DATASET EXTRACT:
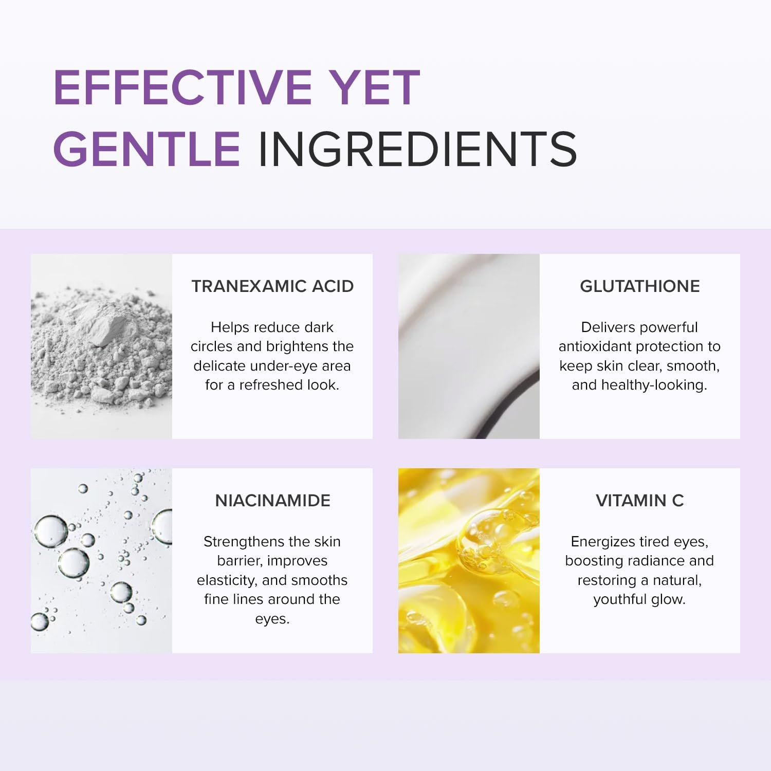 What is it: A brightening eye cream infused with Glutathione and Tranexamic Acid to reduce dark circles, improve dullness, and restore a radiant, even-toned eye area.
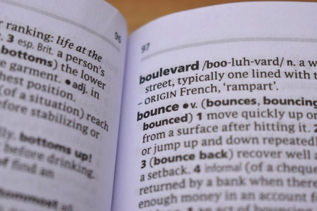English Definition Dictionary Page Close Up Of Printed Word Of -Bounce
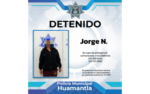 385 Grados / Huamantla / REDACCIÓN / Gracias a la oportuna intervención de la Policía Municipal de Huamantla, se logró la detención de Jorge “N”, de 28 años de edad, quien fue señalado por presuntamente cometer actos indebidos en la vía pública ante menores de edad.

WHAT YOU SHOULD DO: An exact transcription is requested of each line from the one that holds "English Definition Dictionary" to the end of the listing above, both boundary lines included; pictures are to be omitted.

PROBLEM SOLUTION:
English Definition Dictionary Page Close Up Of Printed Word Of -Bounce
 385 Grados / Huamantla / REDACCIÓN / Gracias a la oportuna intervención de la Policía Municipal de Huamantla, se logró la detención de Jorge “N”, de 28 años de edad, quien fue señalado por presuntamente cometer actos indebidos en la vía pública ante menores de edad.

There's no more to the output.